How does MSK follow this approach of watchful waiting?

We have begun a tactic of active surveillance — a method pioneered very successfully at MSK with low-risk prostate cancer, another slow-growing type that historically has been overtreated. When someone comes in with a small papillary thyroid cancer that appears to be confined to the thyroid gland, we now try to determine whether he or she is a good candidate for observation.

If our thyroid cancer team feels that immediate surgery is not required, we offer the chance to have an ultrasound every six months for two years, when we will look closely at the site of the cancer and the nearby lymph nodes to see if there is any change. After two years, we start spacing out the ultrasounds, to every nine or 12 months.
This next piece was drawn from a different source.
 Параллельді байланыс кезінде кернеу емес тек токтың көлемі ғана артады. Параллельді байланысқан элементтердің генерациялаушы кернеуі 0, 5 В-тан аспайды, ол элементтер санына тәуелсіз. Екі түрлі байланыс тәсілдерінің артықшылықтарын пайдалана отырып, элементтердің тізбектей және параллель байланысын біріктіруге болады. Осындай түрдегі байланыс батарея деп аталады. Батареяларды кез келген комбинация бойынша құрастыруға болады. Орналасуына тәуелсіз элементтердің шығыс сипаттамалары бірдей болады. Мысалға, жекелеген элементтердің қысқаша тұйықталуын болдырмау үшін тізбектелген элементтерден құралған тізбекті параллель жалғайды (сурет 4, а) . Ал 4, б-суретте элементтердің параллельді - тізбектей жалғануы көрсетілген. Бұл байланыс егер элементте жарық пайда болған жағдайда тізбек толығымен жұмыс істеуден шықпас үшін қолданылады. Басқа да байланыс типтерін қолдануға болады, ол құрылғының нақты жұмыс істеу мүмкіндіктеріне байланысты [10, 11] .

We know that in the vast majority of cases, if thyroid cancer progresses, it’s going to happen very slowly — in which case our surgical treatments will almost certainly be as effective in the future as they would be now. There is a small chance we will identify spread of cancer cells to lymph nodes around the thyroid at some point. But the chance of this is actually the same whether we do active surveillance or take out the thyroid up front.
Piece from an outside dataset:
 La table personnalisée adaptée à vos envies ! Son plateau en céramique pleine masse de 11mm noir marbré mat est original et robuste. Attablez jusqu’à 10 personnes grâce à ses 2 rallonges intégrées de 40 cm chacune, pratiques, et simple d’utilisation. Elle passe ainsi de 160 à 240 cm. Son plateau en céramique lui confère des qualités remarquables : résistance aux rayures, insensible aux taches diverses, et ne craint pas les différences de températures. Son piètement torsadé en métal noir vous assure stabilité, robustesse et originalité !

I tell my patients that it’s OK if I’m wrong in the short term — we can do surgery later and be just as effective.

Some small tumors are not appropriate for this method, depending on location and other factors, but those are a tiny group. We’ve been following more than 225 patients for a median period of about two years. Out of those patients, only about four or five have tumors that have grown.

How have patients reacted to this option? Is there any reluctance to leave cancer untreated?

Some patients do want surgery right away. But a surprising number are interested in avoiding the operation. Many don’t want to be on pills, or they’ve had family members or friends who have had thyroid surgery and don’t feel well. I find that a lot of people choose observation as a bridge to postpone treatment — they’ve just gotten a new job, or something else is going on, and they don’t want surgery now if it’s not essential. I remind them that they can always change their minds at any time, and that I may change my mind if I see something I don’t like.

I remind [patients] that they can always change their minds at any time.
Michael Tuttle Chief, Endocrinology Service

Of course, when you’re seeing an individual patient, it is impossible to know if his or her thyroid cancer will be stable for years under observation or if it will grow over the next year or two.

Is there a way to get a better idea of which tumors will actually grow?

This is a very important question we are actively researching. The laboratories of [MSK physician-scientist] James Fagin and [MSK genomics researcher] Michael Berger are actively doing research to try to determine whether there is a genetic signature that would allow us to predict what’s going to happen. If we can identify which mutations are important, we could just use a small needle to biopsy the cancer, analyze the genes, and be able to more accurately predict the likelihood that an individual cancer will progress.

I think patients would find that kind of information very helpful in deciding whether to be watched or proceed to immediate surgery. So even though active surveillance is working well in the vast majority of our patients with very small papillary thyroid cancers, we’re trying to use our molecular research laboratories to give us an even clearer idea of which tumors will cause problems so we can give our patients the best option.